### Dataset section
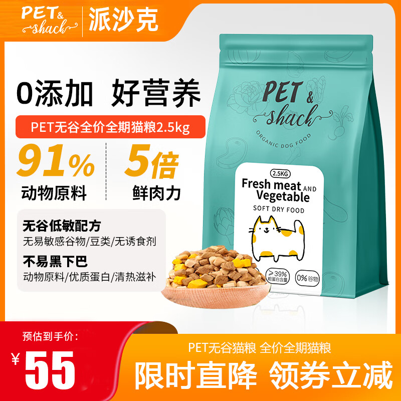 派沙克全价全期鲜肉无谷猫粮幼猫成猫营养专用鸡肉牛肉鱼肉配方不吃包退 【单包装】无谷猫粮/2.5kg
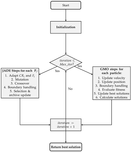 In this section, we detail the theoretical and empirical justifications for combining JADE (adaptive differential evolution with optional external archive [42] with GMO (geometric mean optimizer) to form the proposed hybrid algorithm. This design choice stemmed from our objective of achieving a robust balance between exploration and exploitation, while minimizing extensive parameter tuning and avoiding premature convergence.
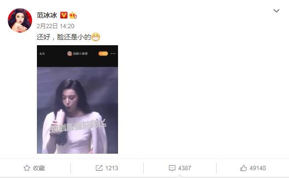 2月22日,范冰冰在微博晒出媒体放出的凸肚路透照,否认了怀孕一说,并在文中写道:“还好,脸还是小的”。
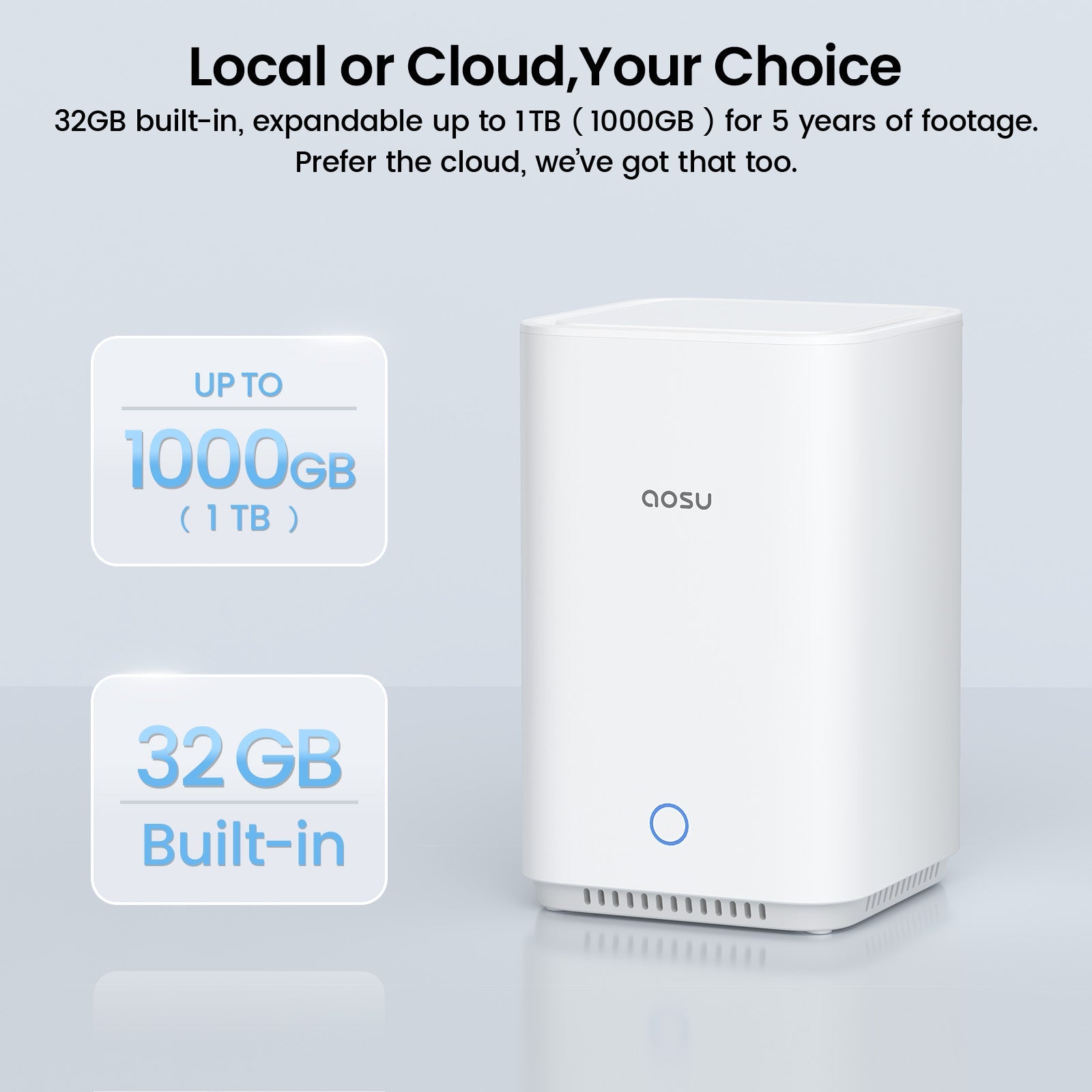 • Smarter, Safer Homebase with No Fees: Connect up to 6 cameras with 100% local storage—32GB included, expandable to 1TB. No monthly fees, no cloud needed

### Directions for this task
Without including any pictures, set down word for word every line from the one containing "In this section, we" through the last line of the material.

### Answer box
 In this section, we detail the theoretical and empirical justifications for combining JADE (adaptive differential evolution with optional external archive [42] with GMO (geometric mean optimizer) to form the proposed hybrid algorithm. This design choice stemmed from our objective of achieving a robust balance between exploration and exploitation, while minimizing extensive parameter tuning and avoiding premature convergence.
 2月22日,范冰冰在微博晒出媒体放出的凸肚路透照,否认了怀孕一说,并在文中写道:“还好,脸还是小的”。
 • Smarter, Safer Homebase with No Fees: Connect up to 6 cameras with 100% local storage—32GB included, expandable to 1TB. No monthly fees, no cloud needed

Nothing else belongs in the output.